Claiming, auto and otherwise

21 June 2024

This blog post proposes adding a third trait, Claim, that would live alongside Copy and Clone. The goal of this trait is to improve Rust’s existing split, where types are categorized as either Copy (for “plain old data”¹ that is safe to memcpy) and Clone (for types that require executing custom code or which have destructors). This split has served Rust fairly well but also has some shortcomings that we’ve seen over time, including maintenance hazards, performance footguns, and (at times quite significant) ergonomic pain and user confusion.

TL;DR

The proposal in this blog post has three phases:

Adding a new Claim trait that refines Clone to identify “cheap, infallible, and transparent” clones (see below for the definition, but it explicitly excludes allocation). Explicit calls to x.claim() are therefore known to be cheap and easily distinguished from calls to x.clone(), which may not be. This makes code easier to understand and addresses existing maintenance hazards (obviously we can bikeshed the name).
Modifying the borrow checker to insert calls to claim() when using a value from a place that will be used later. So given e.g. a variable y: Rc<Vec<u32>>, an assignment like x = y would be transformed to x = y.claim() if y is used again later.

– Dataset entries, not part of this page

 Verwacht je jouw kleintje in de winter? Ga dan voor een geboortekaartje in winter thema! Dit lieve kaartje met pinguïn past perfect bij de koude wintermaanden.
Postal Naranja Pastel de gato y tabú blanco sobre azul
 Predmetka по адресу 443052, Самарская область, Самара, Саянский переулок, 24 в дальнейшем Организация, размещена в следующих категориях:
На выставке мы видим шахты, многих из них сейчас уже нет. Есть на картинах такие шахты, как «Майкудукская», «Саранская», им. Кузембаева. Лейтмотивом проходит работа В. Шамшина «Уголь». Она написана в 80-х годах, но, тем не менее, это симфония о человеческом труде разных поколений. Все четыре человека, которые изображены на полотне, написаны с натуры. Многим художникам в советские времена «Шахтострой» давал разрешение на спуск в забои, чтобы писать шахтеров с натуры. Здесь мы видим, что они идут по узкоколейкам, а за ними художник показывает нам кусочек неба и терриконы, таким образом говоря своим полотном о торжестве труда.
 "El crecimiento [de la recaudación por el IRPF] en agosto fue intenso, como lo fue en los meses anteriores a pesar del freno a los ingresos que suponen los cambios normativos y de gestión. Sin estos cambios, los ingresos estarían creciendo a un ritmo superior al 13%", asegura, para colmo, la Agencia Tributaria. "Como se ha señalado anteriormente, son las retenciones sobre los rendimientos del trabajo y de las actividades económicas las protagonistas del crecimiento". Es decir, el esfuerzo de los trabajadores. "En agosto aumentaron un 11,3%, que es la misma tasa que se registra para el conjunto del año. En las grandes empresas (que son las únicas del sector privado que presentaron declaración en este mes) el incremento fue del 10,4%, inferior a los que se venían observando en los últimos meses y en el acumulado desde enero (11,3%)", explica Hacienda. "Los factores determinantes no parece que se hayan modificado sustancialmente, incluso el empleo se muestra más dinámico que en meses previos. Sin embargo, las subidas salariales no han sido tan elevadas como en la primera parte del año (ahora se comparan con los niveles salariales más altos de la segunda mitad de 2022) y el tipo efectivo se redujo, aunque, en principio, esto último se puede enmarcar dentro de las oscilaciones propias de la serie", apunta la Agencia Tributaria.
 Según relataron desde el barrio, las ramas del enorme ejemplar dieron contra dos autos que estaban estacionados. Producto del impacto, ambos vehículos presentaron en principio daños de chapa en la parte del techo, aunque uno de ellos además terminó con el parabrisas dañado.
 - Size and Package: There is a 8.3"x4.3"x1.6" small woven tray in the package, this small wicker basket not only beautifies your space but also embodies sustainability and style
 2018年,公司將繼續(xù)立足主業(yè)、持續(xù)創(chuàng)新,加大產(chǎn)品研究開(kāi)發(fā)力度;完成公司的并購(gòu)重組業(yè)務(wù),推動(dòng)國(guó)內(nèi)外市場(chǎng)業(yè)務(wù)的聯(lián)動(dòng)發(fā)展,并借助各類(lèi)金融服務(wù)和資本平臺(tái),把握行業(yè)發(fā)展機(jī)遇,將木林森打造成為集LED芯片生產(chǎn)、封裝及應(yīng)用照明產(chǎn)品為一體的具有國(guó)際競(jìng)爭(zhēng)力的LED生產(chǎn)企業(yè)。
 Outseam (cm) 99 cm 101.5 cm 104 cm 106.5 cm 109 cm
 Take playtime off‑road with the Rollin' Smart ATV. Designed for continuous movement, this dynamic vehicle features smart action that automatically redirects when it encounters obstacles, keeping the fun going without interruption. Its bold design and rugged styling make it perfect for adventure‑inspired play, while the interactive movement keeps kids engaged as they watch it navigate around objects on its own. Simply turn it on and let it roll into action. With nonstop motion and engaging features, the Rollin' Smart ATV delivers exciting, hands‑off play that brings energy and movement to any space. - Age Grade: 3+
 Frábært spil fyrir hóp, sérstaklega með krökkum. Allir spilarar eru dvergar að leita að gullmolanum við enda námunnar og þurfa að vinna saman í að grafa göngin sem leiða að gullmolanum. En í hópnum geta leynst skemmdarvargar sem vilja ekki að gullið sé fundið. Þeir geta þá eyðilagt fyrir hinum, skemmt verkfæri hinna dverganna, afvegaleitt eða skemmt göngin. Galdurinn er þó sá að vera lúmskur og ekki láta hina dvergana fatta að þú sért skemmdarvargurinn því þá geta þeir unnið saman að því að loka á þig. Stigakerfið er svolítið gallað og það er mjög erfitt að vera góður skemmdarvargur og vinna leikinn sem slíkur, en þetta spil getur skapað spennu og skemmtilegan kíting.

This addresses the ergonomic pain and user confusion of reference-counted values in rust today, especially in connection with closures and async blocks.
Finally, disconnect Copy from “moves” altogether, first with warnings (in the current edition) and then errors (in Rust 2027). In short, x = y would move y unless y: Claim. Most Copy types would also be Claim, so this is largely backwards compatible, but it would let us rule out cases like y: [u8; 1024] and also extend Copy to types like Cell<u32> or iterators without the risk of introducing subtle bugs.

For some code, automatically calling Claim may be undesirable. For example, some data structure definitions track reference count increments closely. I propose to address this case by creating a “allow-by-default” automatic-claim lint that crates or modules can opt-into so that all “claims” can be made explicit. This is more-or-less the profile pattern, although I think it’s notable here that the set of crates which would want “auto-claim” do not necessarily fall into neat categories, as I will discuss.

Step 1: Introducing an explicit `Claim` trait

Quick, reading this code, can you tell me anything about it’s performance characteristics?

tokio::spawn({
    // Clone `map` and store it into another variable
    // named `map`. This new variable shadows the original.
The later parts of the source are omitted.